"Go back, Marianne; we don't want you." Then, when Marianne would not go back, they all ran away, and left her crying.
The shut-up house looked dull and ghostly enough. The front was in deep shadow from the tall row of elms that bordered the road, but at the back the sun shone hotly. It glowed through the low, dusty window of a cellar, and danced and gleamed on something bright which lay on the floor within.
"What do you suppose it is?" said Emmy, as they all stooped to look. "It looks like real gold. Perhaps some pirates hid it there, and no one has come since but us."
"Or perhaps it's a mine," cried Lois,—"a mine of jewels. See, it's all purple, like the stones in mother's breastpin. Wouldn't it be fun if it was? We wouldn't tell anybody, and we could buy such splendid things."

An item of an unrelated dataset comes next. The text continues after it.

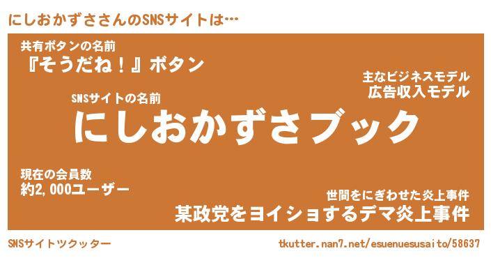 | 肩書あだ名 | 『にしおかずさ御曹司』 |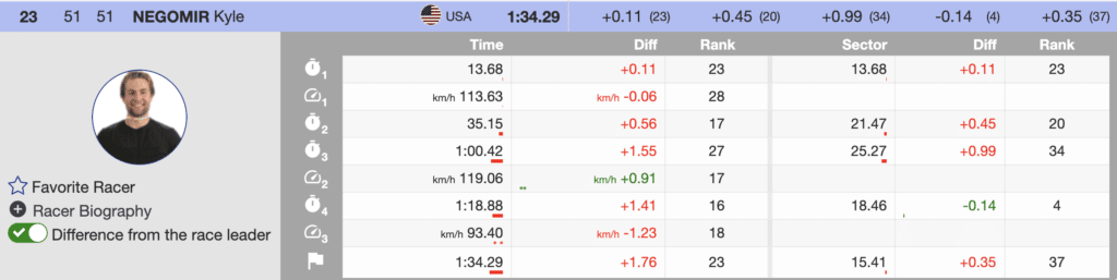 The Stifel US Alpine team had one very promising result. Kyle Negomir, who has spent most of the last two seasons recovering from injury, scored his first World Cup points. Negomir finished 23rd with bib 51. This represents a performance to be very proud of.

"We must get in and find out," added Kitty.
Just then a wail sounded close at hand, and a very woful, tear-stained little figure appeared. It was Marianne. The poor baby had trotted all the long distance in the sun after her unkind playfellows.
"Oh, dear! You little nuisance! What made you come?" demanded Emmy.
"I 'ant to," was all Marianne's explanation.
"Well, don't cry. Now you've come, you can play," remarked Lois; and Marianne was consoled.
They began to try the windows in turn, and at last found one in a wood-shed which was unfastened. Kitty scrambled in, and admitted the others, first into the wood-shed and then into a very dusty kitchen. The cellar stairs opened from this. They all ran down, but—oh, disappointment!—the jewel-mine proved to be only the half of a broken teacup with a pattern on it in gold and lilac. This was a terrible come-down from a pirate treasure.